The aggregation parameters must be passed in this order:
Type | Parameter Order | Defaults |
---|---|---|
term | type:term[,name:MyName],field(:|::)MyFieldName[,size:MySize][subaggregations] | size = 10 |
sig | type:sig[,name:MyName],field(:|::)MyFieldName[,backgroundTerm:FieldName*Value][,minDocCount:MyCount][,size:MySize][subaggregations] | size = 10, minDocCount = 10 |
card | type:card[,name:MyName],field(:|::)MyFieldName[,precisionThreshold:MyLong] | N/A |
stats | type:stats[,name:MyName],field(:|::)MyFieldName | N/A |
Note
- The values defined in ap (aggregation parameters) are passed on to Elastic Search as they are.
- The output format must be one of: csv, json, jsonl.
Sub-Queries¶
Term and Significant Term queries support sub-queries. This means that the first query defined in the ap parameter may be followed by one or more additional queries, defined in < > brackets. Each sub-query is applied to the output of the previous queries.
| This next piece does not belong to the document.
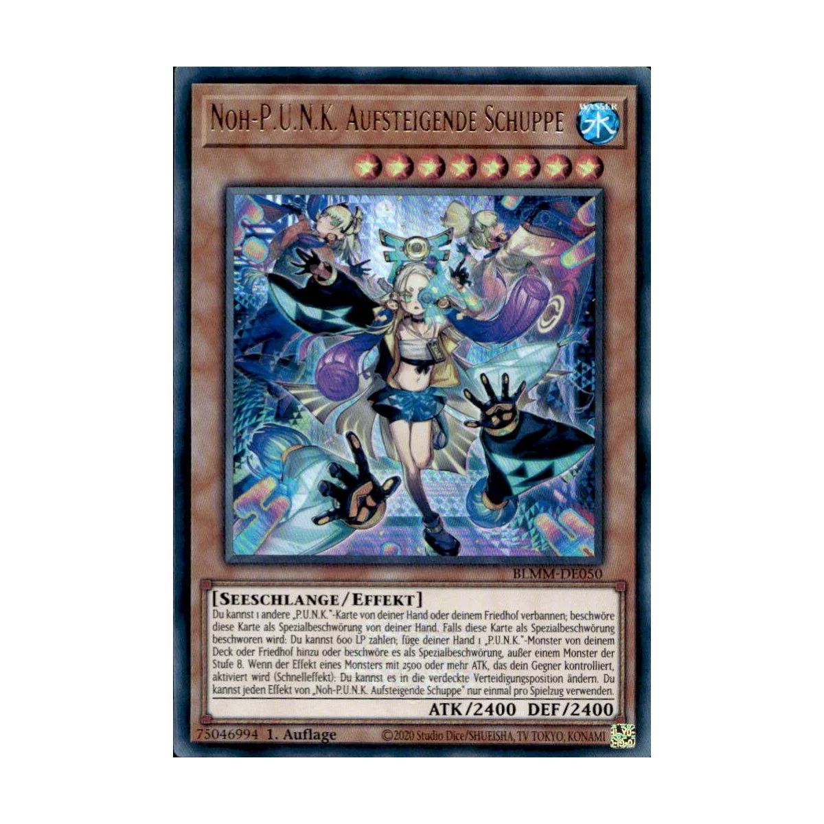 Noh-P.U.N.K. Aufsteigende Schuppe könnt ihr spezialbeschwören, indem ihr ein anderes P.U.N.K.-Monster von der Hand oder den Friedhof verbannt. Auf Beschwörung könnt ihr dann die üblichen 600 Lebenspunkte zahlen und ein P.U.N.K.-Monster vom Deck oder dem Friedhof entweder auf die Hand nehmen oder spezialbeschwören. Das geht aber nicht mit Monstern der Stufe 8. Außerdem könnt ihr ein gegnerisches Monster per Schnelleffekt booken, wenn dieses über mindestens 2500 ATK verfügt und seinen Effekt aktiviert.

Here is an example of a query that requests a "significant terms" query, and then a "terms" query:
<cm-well-host>/permid.org?op=stats&ap=type:sig,field::organizationCountryCode.mdaas,size:5<type:term,field::isPublicFlag.mdaas>&format=csv
This query runs on the permid.org path in CM-Well, obtains the infotons with the top 5 most frequent country codes, and then examines the their isPublicFlag field values. The resulting csv file looks like this:
Note
When using sub-queries, you can only request a total of 2 queries with the csv format, as a table only has 2 dimensions. For larger numbers of queries, use the json format, which has no limit on its nesting levels.
Statistical Query Examples¶
Cardinality¶
Action: Find out how many distinct currency values are found in permid.org. The result is 266.
Call:
curl "<cm-well-host>/permid.org?op=stats&ap=type:card,name:MyCurrencyStats,field:iso4217.currency&format=json&pretty"
Response:
{ "AggregationResponse" : [ { "name" : "MyCurrencyStats", "type" : "CardinalityAggregationResponse", "filter" : { "name" : "MyCurrencyStats", "type" : "CardinalityAggregation", "field" : "iso4217.currency" }, "count" : 266 } ] }
Terms¶
Action: Find the top 10 countries where companies are incorporated.
Call:
curl "<cm-well-host>/permid.org?op=stats&ap=type:term,name:MyIncorporatedStats,field::isIncorporatedIn.mdaas,size:10&pretty&format=json"
Note
To perform a query on the entire field value, use the :: operator for the field parameter, as in field::isIncorporatedIn.mdaas
. Otherwise, queries are performed on the tokenized versions of the values, i.e. each word is counted separately. In the example above, "United" would be counted as one value (appearing both in "United States" and "United Kingdom"), while "States" and "Kingdom" would be counted as separate values.
Response:
{ "AggregationResponse" : [ { "name" : "MyIncorporatedStats", "type" : "TermsAggregationResponse", "filter" : { "name" : "MyIncorporatedStats", "type" : "TermAggregation", "field" : "isIncorporatedIn.mdaas", "size" : 10, "subFilters" : [ ] }, "buckets" : [ { "key" : "United States", "objects" : 737160 }, { "key" : "China (Mainland)", "objects" : 187429 }, { "key" : "United Kingdom", "objects" : 179029 }, { "key" : "Germany", "objects" : 169454 }, { "key" : "France", "objects" : 60621 }, { "key" : "Canada", "objects" : 55675 }, { "key" : "Netherlands", "objects" : 50387 }, { "key" : "Japan", "objects" : 46034 }, { "key" : "Sweden", "objects" : 43550 }, { "key" : "Australia", "objects" : 42465 } ] } ] }